G Fingerle-Rowson1, J Auers, E Kreuzer, M Labeta, B Schmidt, W Samtleben, H W Ziegler-Heitbrock, M Blumenstein.   

Abstract

OBJECTIVES: Major operative trauma like aorta-coronary bypass operation may lead to postoperative immunodisturbance, putting the patient at an increased risk for infection and sepsis. The monocyte/macrophage system and the endotoxin receptor CD14 are important in the early recognition and elimination of invading bacteria. The aim of this study was to analyze changes in membrane-associated CD14 and soluble CD14 during and after cardiac involving cardiopulmonary bypass.
METHODS: We studied numbers of leukocytes, monocytes, and monocyte subpopulations, expression of monocyte membrane-associated CD14 and plasma levels of soluble CD14 in 10 patients (63 +/- 8 years of age), who underwent elective cardiopulmonary bypass.
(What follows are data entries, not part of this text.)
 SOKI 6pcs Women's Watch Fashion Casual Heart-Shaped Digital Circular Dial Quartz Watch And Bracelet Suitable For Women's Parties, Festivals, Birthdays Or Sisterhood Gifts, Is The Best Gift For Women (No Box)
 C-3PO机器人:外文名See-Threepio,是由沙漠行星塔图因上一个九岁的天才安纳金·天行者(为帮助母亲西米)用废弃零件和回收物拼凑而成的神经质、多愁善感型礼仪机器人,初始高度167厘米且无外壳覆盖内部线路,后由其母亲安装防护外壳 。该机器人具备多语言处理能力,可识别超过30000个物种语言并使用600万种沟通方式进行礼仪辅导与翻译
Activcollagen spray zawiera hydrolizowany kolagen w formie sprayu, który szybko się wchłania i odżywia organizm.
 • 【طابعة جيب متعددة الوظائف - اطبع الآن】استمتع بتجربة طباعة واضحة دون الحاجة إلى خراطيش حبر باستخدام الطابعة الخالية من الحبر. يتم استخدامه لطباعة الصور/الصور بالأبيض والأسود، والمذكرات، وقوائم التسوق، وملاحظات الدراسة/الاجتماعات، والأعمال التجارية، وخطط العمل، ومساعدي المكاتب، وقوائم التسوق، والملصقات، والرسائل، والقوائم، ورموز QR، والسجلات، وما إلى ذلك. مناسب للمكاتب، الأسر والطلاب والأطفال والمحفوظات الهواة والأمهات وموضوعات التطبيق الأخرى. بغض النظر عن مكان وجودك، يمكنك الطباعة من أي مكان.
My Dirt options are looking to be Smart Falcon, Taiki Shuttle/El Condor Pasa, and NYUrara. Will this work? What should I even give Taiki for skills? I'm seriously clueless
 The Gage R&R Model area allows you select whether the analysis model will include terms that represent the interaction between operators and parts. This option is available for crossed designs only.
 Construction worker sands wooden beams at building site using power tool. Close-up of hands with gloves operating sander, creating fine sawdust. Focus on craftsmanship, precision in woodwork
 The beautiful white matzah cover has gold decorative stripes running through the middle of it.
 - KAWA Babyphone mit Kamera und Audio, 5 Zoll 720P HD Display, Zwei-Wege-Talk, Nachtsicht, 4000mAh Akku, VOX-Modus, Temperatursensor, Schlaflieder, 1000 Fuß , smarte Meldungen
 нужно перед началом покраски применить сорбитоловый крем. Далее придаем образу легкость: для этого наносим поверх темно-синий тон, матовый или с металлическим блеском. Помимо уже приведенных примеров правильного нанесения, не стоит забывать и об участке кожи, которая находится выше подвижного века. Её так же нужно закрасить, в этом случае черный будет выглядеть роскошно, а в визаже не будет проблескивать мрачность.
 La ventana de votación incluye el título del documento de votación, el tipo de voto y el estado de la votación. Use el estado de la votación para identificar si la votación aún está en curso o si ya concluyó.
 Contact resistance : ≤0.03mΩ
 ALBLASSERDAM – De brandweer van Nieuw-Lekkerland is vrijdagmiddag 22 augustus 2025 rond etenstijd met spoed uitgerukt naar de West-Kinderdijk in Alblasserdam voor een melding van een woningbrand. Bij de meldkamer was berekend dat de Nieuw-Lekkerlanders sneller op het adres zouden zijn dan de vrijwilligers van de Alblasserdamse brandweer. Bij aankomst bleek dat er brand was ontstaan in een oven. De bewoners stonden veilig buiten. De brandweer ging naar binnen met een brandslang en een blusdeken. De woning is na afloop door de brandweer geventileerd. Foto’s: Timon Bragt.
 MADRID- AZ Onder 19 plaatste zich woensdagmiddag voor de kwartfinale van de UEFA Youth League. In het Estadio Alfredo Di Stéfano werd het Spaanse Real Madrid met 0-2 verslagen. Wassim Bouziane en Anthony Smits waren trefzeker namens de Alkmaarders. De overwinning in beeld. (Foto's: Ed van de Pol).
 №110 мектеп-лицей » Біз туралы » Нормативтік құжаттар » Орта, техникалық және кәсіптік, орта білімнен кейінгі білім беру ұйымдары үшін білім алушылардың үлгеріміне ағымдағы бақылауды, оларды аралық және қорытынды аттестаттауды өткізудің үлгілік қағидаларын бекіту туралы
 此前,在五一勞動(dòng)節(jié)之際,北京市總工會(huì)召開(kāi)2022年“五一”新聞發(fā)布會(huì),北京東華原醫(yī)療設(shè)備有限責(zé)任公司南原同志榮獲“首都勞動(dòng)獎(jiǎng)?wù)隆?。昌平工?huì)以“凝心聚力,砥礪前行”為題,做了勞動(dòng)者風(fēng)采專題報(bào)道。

RESULTS: Cardiopulmonary bypass induced marked postoperative monocytosis, which was maximal 20 hours after the operation (485 +/- 242 cells/microl before, 1080 +/- 264 cells/microl 20 hours after surgery). Expression of membrane-associated CD14 on classical CD14++ monocytes decreased significantly by 40%, reaching a nadir 20 hours after surgery (p < 0.05). At the time of maximal membrane-associated CD14 suppression, the levels of soluble CD14 measured by enzyme-linked immunosorbent assay were clearly increased (3.2 +/- 1.0 microg/ml before versus 5.6 +/- 1.0 microg/ml 20 hours after, p < 0.001). No significant change of the percentage of small (alpha) and large (beta) forms of soluble CD14 was found.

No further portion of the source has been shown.